The rest of our economist’s talk is devoted to the question of optimal inflation and alternative monetary policy targets, including the Taylor Rule. Here, too, his understanding is at best highly conventional and, at worst, extremely indulgent of the Fed’s shortcomings. He never considers the very different implications of productivity- and demand-driven deflation, much less the possibility that there might be some advantage to having either a variable inflation rate or one that’s ever negative. He makes no mention of the sharp increase in price-level uncertainty that has occurred since the Fed’s establishment, and especially since 1971. And he shrugs off the even more serious decline of the dollar’s purchasing power, blandly observing that practically all economists these days believe “that low and stable inflation has very low costs” (as if U.S. inflation has always been “low and stable”); that it isn’t useful to compare price level measures across long intervals because they involve different baskets of goods (as if most of the 96 percent decline in the dollar’s purchasing power since 1914 could be written-off to what ought to be unbiased statistical errors ); and that inflation is often due to wars (as if the Fed’s role as handmaiden to the U.S. Treasury had nothing to with past wartime price increases).

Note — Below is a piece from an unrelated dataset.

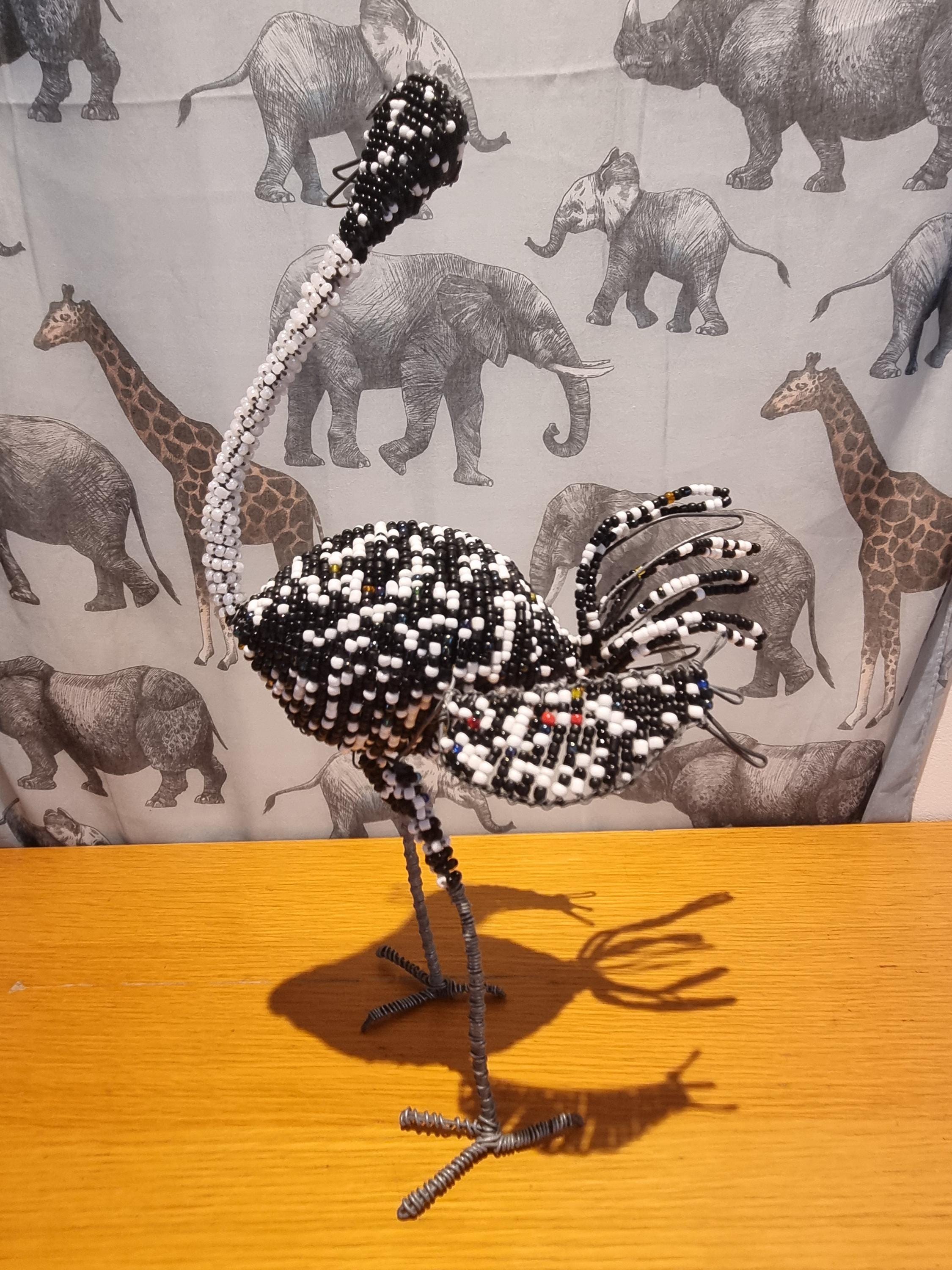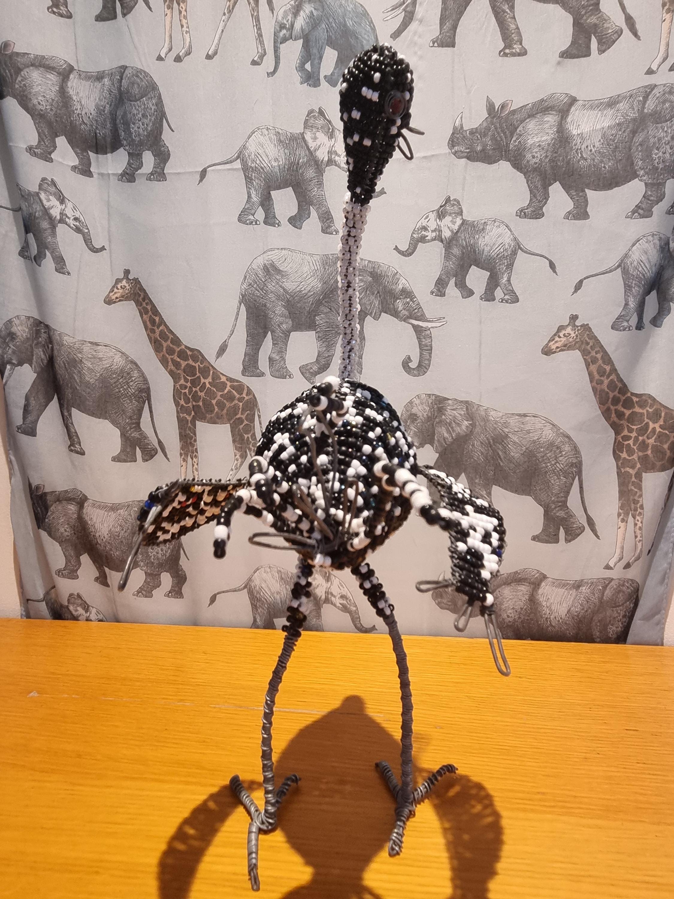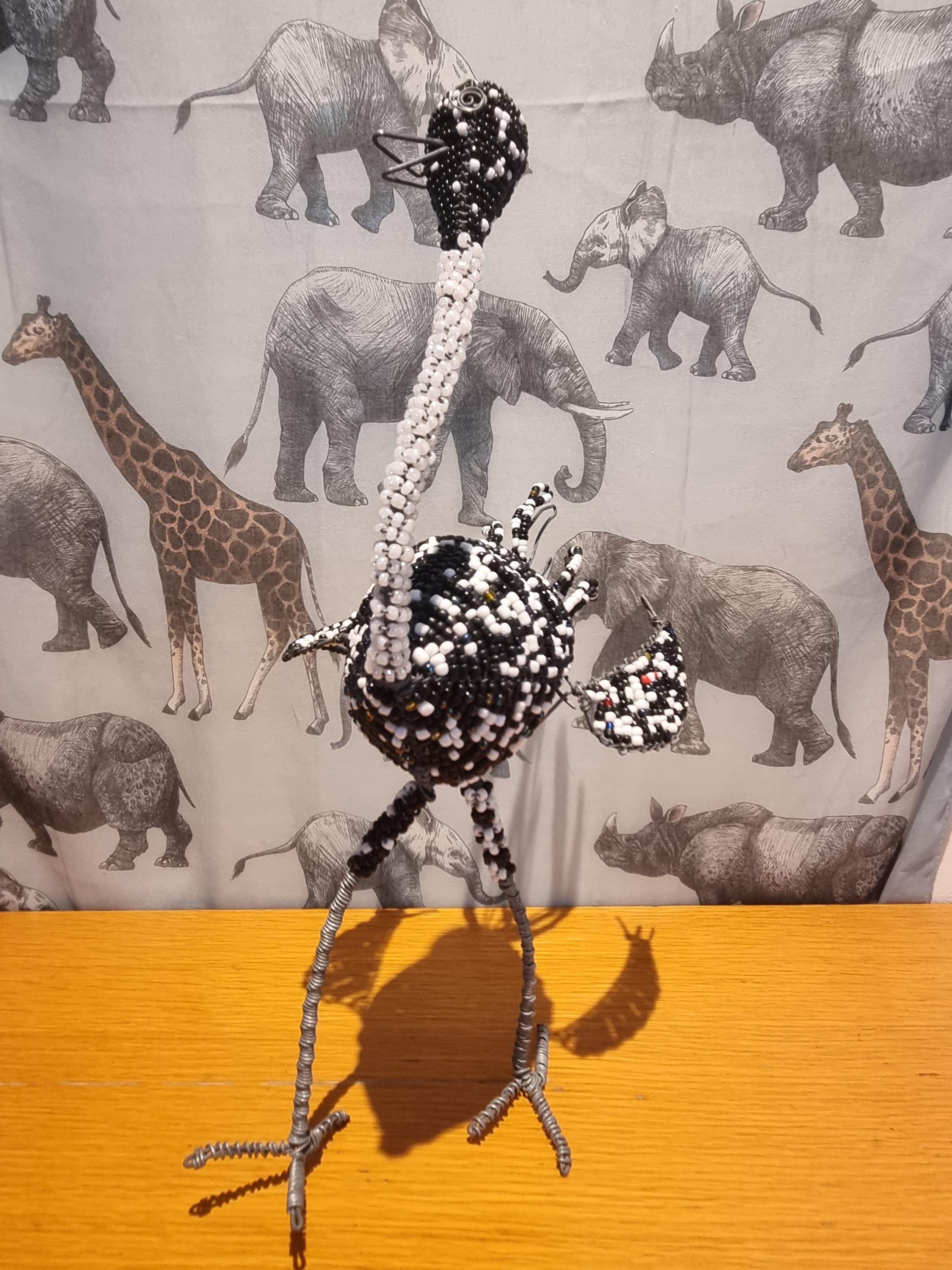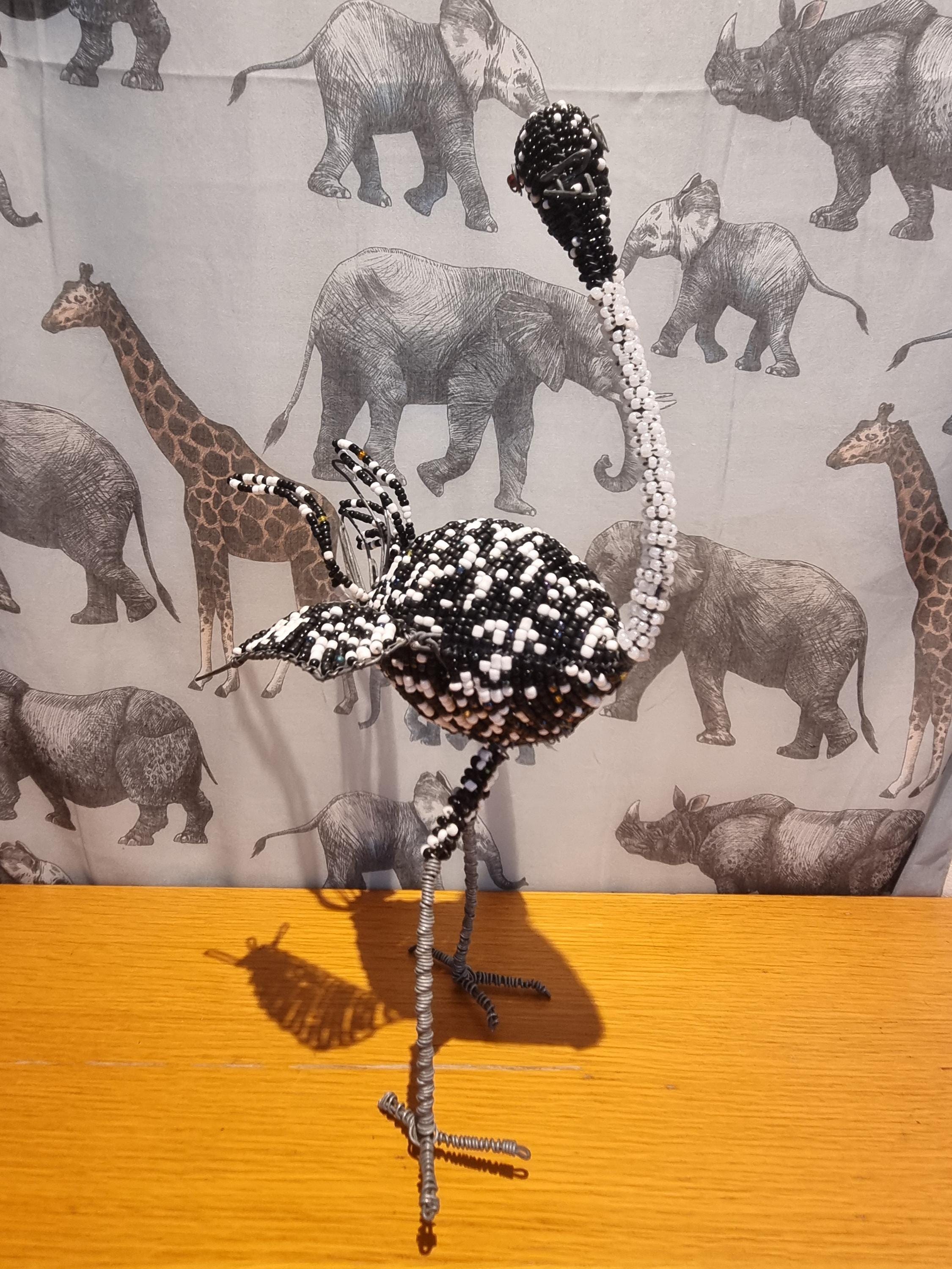 Celebrate the grace and wonder of Africa’s largest bird with this Black & White Beaded Ostrich Sculpture, a handcrafted marvel of artisan skill and sustainable creativity. Standing proudly at 37cm tall, this monochrome ostrich is meticulously made from recycled wire and glass seed beads by fair trade artisans in Southern Africa.

Enough. By now it should be perfectly obvious that our economist doesn’t really give a toss about “Alternative Monetary Systems.” The Federal Reserve System is, so far as he’s concerned, the best of all possible monetary systems. He gathers together hackneyed arguments in its defense, including just as much economic history as serves to affirm, but never to challenge, received opinion. He believes that he’s being objective, when in reality he’s got a severe case of status quo bias. He asserts that the opinions he expresses are his own, rather than those of a spokesman for the Federal Reserve System, without appearing to realize that a Fed spokesman would be hard-pressed to paint the Fed in more glowing colors.
But my intent, as I said at the onset, isn’t to single out our economist for a rebuke. His understanding of history and of alternative monetary systems is no worse than that of a thousand other otherwise competent monetary economists. It is proof, not of his own failure, but of the sad state of contemporary monetary economics. Above all, it underscores the dire need for an organization devoted to taking alternative monetary systems seriously.
 The Major-General’s song, from Gilbert and Sullivan’s Pirates of Penzanse.
 And hyperinflation.
 For a discussion of some of these determinants see chapter 2 of Lawrence White’s The Theory of Monetary Instututions (London: Blackwell, 1999).
 Most historical bank runs have been informed by prior information suggesting that the afflicted institutions might be insolvent.